▸ **Available records**:
++++
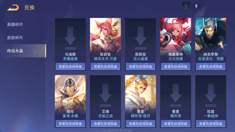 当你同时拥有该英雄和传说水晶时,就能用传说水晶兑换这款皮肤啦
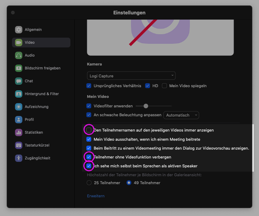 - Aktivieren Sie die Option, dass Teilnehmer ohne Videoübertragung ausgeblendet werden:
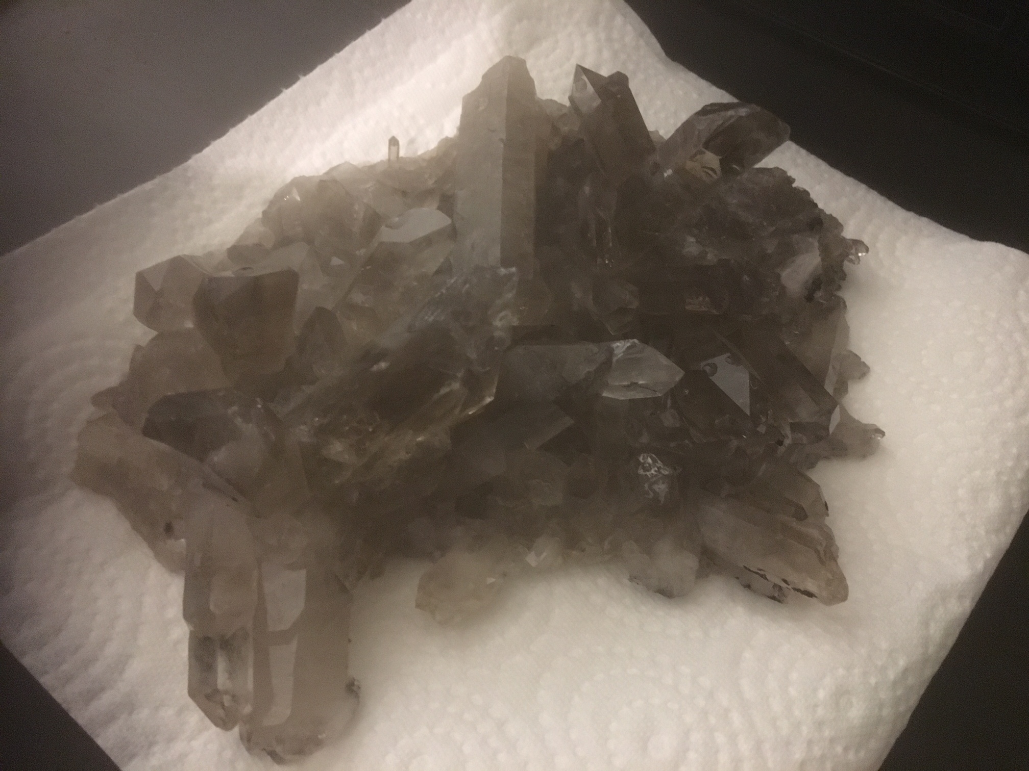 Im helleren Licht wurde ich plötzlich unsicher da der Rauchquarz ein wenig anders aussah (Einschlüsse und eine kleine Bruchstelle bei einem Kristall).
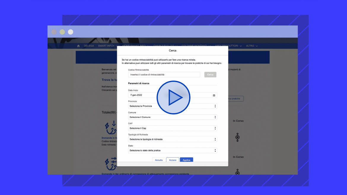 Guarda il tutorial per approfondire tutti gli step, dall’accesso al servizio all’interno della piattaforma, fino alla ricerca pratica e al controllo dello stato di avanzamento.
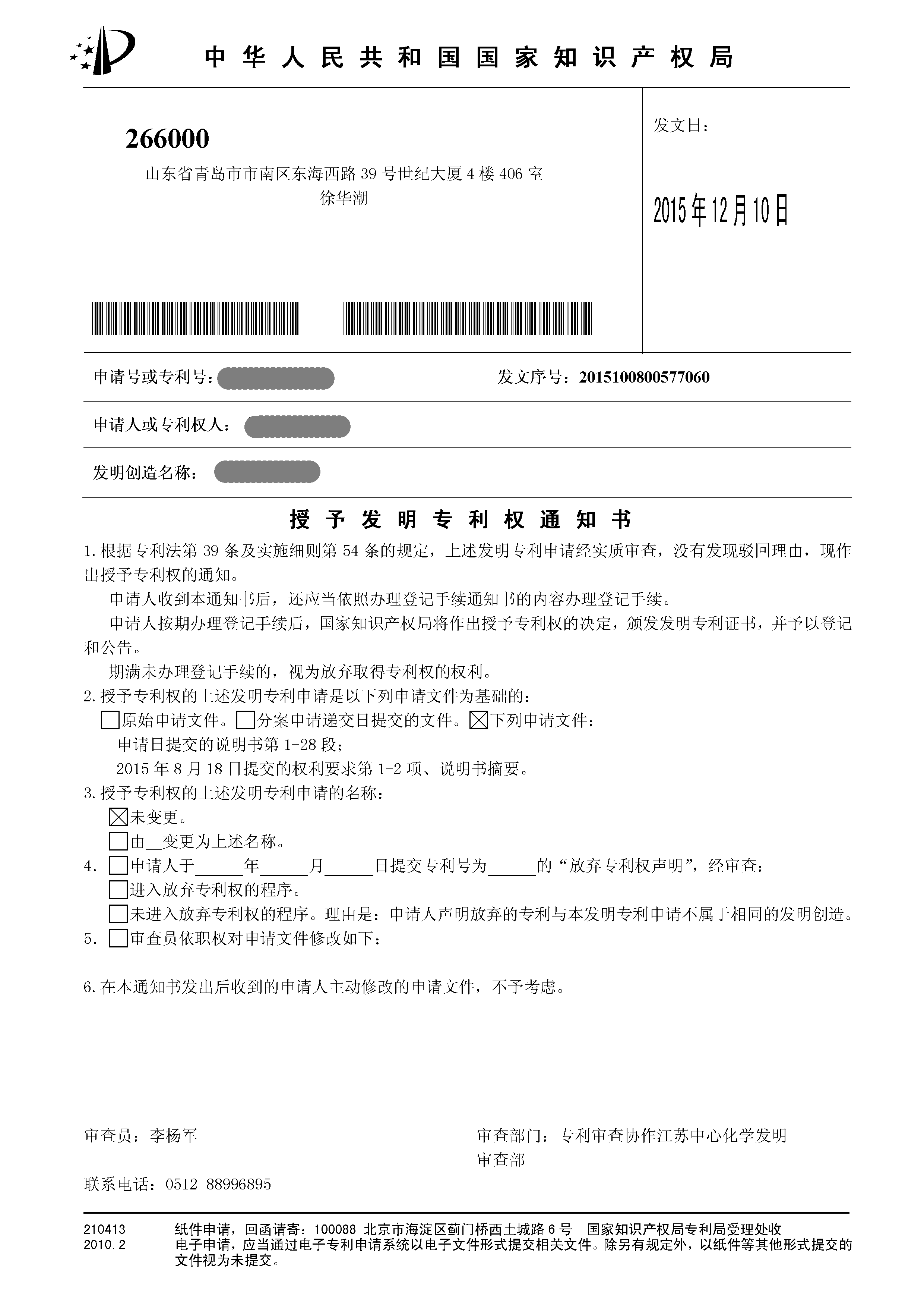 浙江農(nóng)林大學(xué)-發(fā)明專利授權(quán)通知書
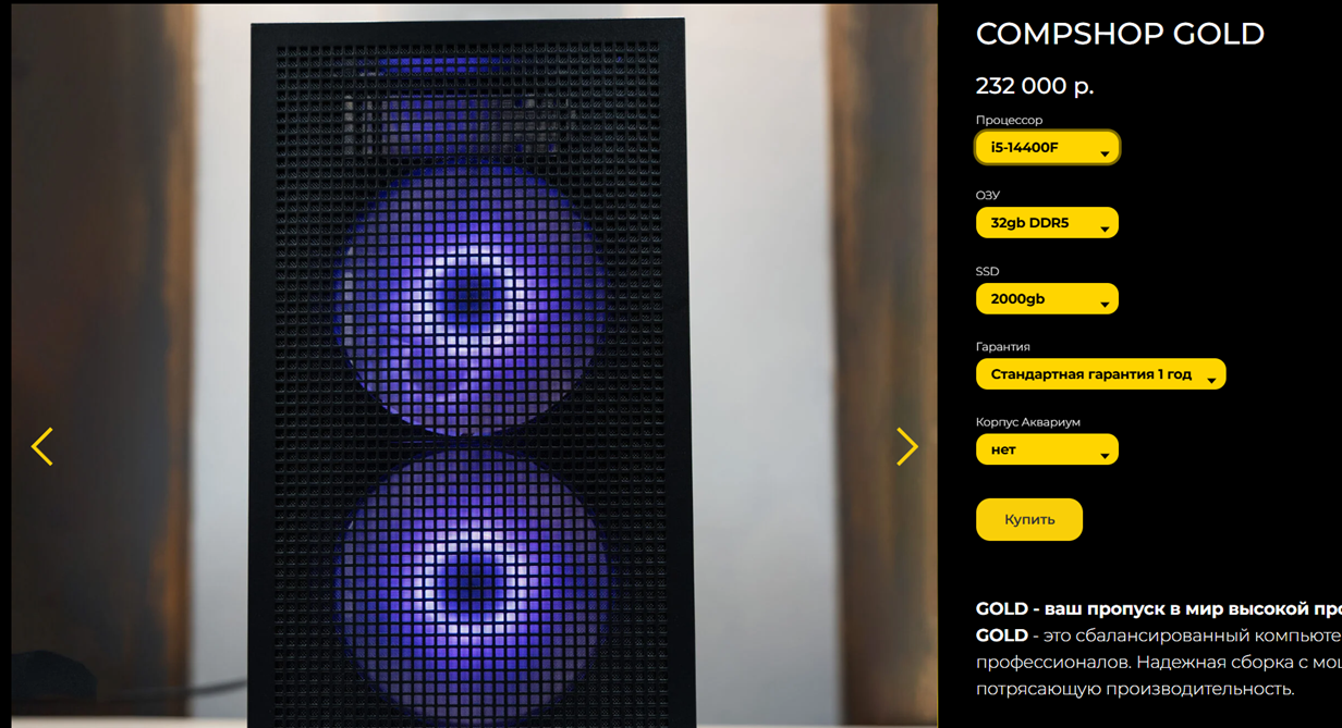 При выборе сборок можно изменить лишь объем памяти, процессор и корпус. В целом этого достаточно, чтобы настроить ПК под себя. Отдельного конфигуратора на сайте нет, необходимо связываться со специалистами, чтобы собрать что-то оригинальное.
++++
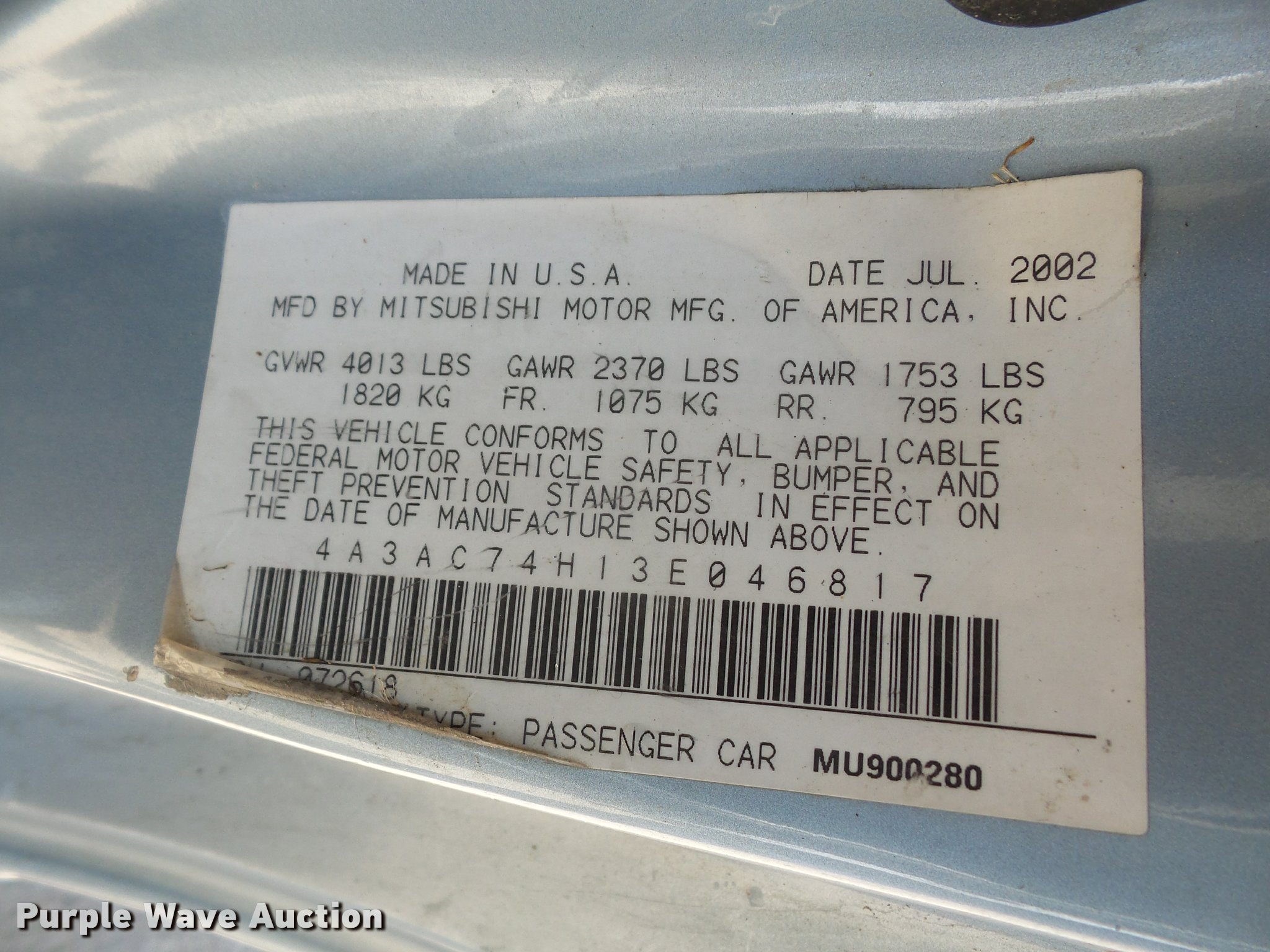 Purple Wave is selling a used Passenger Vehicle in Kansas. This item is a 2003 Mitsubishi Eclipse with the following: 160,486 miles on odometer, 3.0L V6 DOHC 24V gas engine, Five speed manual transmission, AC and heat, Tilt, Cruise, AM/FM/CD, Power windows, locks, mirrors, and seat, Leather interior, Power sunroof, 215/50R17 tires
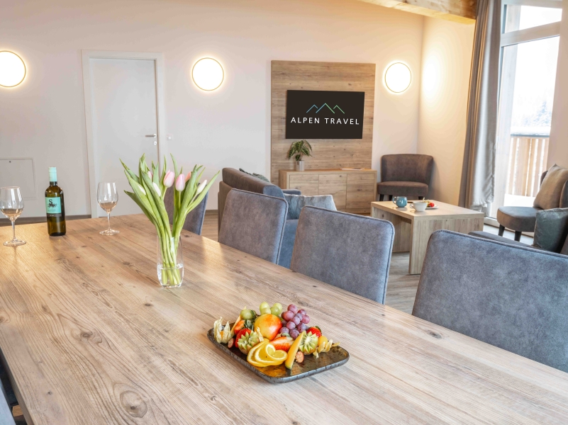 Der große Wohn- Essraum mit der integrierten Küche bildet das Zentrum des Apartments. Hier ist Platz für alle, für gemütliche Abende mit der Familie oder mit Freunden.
++++
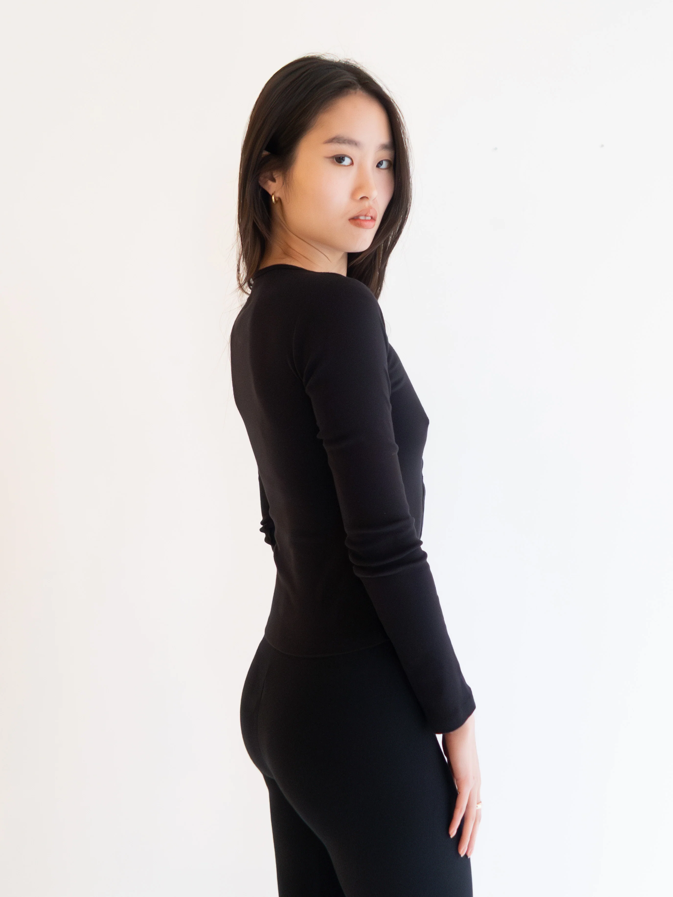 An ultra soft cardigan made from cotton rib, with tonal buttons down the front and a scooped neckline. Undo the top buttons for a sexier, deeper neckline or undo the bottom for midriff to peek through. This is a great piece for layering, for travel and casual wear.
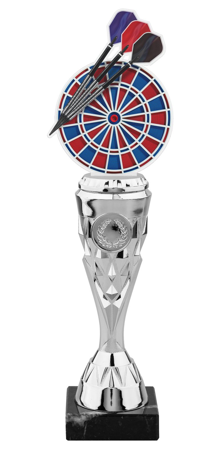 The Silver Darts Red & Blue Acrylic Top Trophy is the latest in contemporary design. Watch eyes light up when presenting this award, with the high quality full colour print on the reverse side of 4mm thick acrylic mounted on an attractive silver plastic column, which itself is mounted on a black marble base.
++++
Only the lines starting at the one that includes "Guarda il tutorial" and ending at the one that includes "浙江農(nóng)林大學(xué)-發(fā)明專利授權(quán)通知書" should be retyped, exactly, from the records above; no pictures.

▸ **Finished task**:
 Guarda il tutorial per approfondire tutti gli step, dall’accesso al servizio all’interno della piattaforma, fino alla ricerca pratica e al controllo dello stato di avanzamento.
 浙江農(nóng)林大學(xué)-發(fā)明專利授權(quán)通知書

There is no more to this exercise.